From Survey Numbers To Real People
Taking all those statistics and percentages from our research and figuring out who the actual humans were behind the data.
After weeks of looking at survey results, we had plenty of data—charts showing platform preferences, graphs of privacy concerns, and detailed breakdowns of how different age groups felt about earning money online. But when we sat down to actually start designing features, we realized we had a problem. How do you design for "67% of respondents prefer flexible payment options"?
We needed to move beyond the statistics and understand who these people actually were. So we printed out all our survey responses, covered a conference room wall with sticky notes, and started the messy process of finding patterns that felt like real humans rather than just data points.
We tried organizing our data in different ways—first by age, then by income, then by the platforms people used most. None of these approaches felt quite right because we kept finding exceptions that didn't fit the obvious categories.

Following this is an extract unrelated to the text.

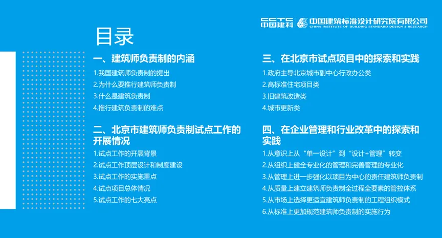 其次韓高峰總經(jīng)理展示了近年來標(biāo)準(zhǔn)院和兄弟院承接的12個(gè)建筑師負(fù)責(zé)制試點(diǎn)項(xiàng)目,分享了項(xiàng)目實(shí)施中的寶貴經(jīng)驗(yàn),并總結(jié)了北京市建筑師負(fù)責(zé)制推行中的工作重點(diǎn)和工作亮點(diǎn)。

The breakthrough came when we stopped looking at demographics and started focusing on behaviors and attitudes. We found that a 22-year-old college student and a 45-year-old freelancer might have completely different backgrounds but very similar approaches to privacy and earning potential online.
We spent days moving sticky notes around until clear patterns emerged. Some people were naturally cautious about sharing personal information, while others were comfortable with it as long as they understood what they were getting in return. Some wanted to maximize earnings, while others just wanted enough to cover small expenses.
Once we could see these behavior patterns clearly, we had to make some tough decisions about which groups to focus on first. We identified six different user types, but picked our top four based on how many survey respondents fell into each group and how well their needs aligned with what we could actually build.
Each persona got the full treatmentt:
1. A realistic background and daily routine
2. Clear goals for what they wanted from a platform like ours
3. Specific frustrations with current options
4. Detailed preferences for how they liked to interact with technology
5. Their particular concerns about privacy and data sharing
The goal wasn't to create perfect representatives of every possible user, but to have specific people we could ask "would this feature make sense for Sarah?"